Data and Metadata Brokering – Theory and Practice from the BCube Project

Siri Jodha Singh Khalsa

Genesis and Objectives of EarthCube

In 2011 the U.S. National Science Foundation initiated EarthCube, a joint effort of NSF’s Office of Cyberinfrastructure (OCI), whose interest was in computational and data-rich science and engineering, and the Geosciences Directorate (GEO), whose interest was in understanding and forecasting the behavior of a complex and evolving Earth system. The goal in creating EarthCube was to create a sustainable, community-based and open cyberinfrastructure for all researchers and educators across the geosciences.

The NSF recognized that currently there was no infrastructure that could manage and provide access to all geosciences data in an open, transparent and inclusive manner, and that progress in geosciences would be increasingly reliant on interdisciplinary activities. Therefore, a system that enabled the sharing, interoperability and re-use of data needed to be created.

Similar efforts to provide the infrastructure needed to support scientific research and innovation is underway in other countries, most notably in the European Union guided by the European Strategy Forum on Research Infrastructures (ESFRI) and in Australia under the National Collaborative Research Infrastructure Strategy (NCRIS). The goal of all these efforts is to provide scientists, policy makers and the public with computing resources, analytic tools and educational material, all within an open, interconnected and collaborative environment.

The Nature of Infrastructure Development

The building of infrastructure is as much a social endeavor as technical one. Bowker, et al. () emphasized that information infrastructures are more than the data, tools and networks comprising the technical elements, but also involve the people, practices, and institutions that lead to the creation, adoption and evolution of the underlying technology. The NSF realized that a cyberinfrastructure, to be successful, must have substantial involvement of the target community through all phases of its development, from inception to deployment. In fact, studies have shown infrastructure evolves from independent and isolated efforts and there is not a clear point where “deployment” is complete (). The fundamental challenge was the heterogeneity of scientific disciplines and technologies that needed to cooperate to accomplish this goal, and the necessity of getting all stakeholders to cooperate in its development. A compounding factor is that while technology evolves rapidly, people’s habits, work practices, cultural attitudes towards data sharing, and willingness to use other’s data, all evolve more slowly. How the relationship of people to the infrastructure evolves determines whether it succeeds or fails.

A significant element of NSF’s strategy for building EarthCube was to make it a collective effort of geoscientists and technologists from the start, in hopes of ensuring that what was developed did indeed serve the needs of geoscientists and would in fact find widespread uptake.

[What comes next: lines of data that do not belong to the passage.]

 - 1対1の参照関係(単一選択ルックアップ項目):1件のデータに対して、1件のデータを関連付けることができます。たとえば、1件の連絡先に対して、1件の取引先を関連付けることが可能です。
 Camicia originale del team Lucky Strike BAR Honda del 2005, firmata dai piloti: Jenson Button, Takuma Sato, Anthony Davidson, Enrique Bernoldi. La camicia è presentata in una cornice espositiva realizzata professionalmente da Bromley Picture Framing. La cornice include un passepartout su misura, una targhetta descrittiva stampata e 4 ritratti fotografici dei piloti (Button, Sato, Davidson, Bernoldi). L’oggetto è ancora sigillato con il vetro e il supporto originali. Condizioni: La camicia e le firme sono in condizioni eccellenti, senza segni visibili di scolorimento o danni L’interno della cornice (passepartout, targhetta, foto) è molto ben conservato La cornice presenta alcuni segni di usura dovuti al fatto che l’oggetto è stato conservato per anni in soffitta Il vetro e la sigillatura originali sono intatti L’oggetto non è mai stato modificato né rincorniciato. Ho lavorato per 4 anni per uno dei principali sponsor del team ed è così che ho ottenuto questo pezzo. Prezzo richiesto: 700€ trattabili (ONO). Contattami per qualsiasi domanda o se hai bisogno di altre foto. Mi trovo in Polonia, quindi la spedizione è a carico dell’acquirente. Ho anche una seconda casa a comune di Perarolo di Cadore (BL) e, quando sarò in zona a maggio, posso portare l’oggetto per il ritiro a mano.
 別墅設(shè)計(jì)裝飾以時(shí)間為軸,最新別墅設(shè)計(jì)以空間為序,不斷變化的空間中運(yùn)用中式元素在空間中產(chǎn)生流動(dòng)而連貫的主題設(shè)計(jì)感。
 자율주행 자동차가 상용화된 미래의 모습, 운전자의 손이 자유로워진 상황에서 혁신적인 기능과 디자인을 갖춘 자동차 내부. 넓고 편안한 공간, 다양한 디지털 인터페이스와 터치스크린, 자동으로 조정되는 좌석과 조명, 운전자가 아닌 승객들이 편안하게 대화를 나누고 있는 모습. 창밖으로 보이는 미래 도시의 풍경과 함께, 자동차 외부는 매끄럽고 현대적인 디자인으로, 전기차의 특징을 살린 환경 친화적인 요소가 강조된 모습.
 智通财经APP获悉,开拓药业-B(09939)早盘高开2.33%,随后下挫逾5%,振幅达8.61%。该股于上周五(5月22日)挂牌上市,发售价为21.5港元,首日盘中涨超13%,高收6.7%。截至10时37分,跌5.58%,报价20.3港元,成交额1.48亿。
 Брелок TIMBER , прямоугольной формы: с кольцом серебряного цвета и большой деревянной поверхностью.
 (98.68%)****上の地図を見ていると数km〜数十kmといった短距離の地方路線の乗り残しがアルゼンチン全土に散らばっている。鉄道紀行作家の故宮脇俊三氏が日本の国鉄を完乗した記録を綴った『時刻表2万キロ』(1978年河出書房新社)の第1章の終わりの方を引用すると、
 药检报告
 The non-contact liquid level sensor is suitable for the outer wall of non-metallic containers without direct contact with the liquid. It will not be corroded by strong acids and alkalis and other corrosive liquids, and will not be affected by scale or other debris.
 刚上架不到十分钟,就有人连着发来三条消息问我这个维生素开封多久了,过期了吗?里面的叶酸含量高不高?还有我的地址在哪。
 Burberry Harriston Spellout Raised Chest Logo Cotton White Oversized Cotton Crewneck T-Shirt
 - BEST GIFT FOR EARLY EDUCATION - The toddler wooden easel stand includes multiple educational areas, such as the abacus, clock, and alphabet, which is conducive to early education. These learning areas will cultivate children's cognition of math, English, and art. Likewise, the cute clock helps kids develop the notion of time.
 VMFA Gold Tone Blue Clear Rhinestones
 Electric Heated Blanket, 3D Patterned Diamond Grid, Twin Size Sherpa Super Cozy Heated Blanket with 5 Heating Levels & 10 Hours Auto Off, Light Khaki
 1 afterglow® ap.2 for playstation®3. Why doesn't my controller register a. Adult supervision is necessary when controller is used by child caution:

A series of community events and end-user workshops spanning the geoscience disciplines were undertaken with the dual goals of gathering requirements for EarthCube and building a community of geoscientists willing to engage with and take ownership of the EarthCube process.

NSF began issuing small awards to explore concepts for EarthCube. These were followed by the funding of an initial set of “building blocks” meant to demonstrate potential components of EarthCube. The Brokering Building Block (BCube) was one of these awards. BCube sought both to solve real problems of interoperability that geoscientist face in carrying out research, while also studying the social aspects of technology adoption.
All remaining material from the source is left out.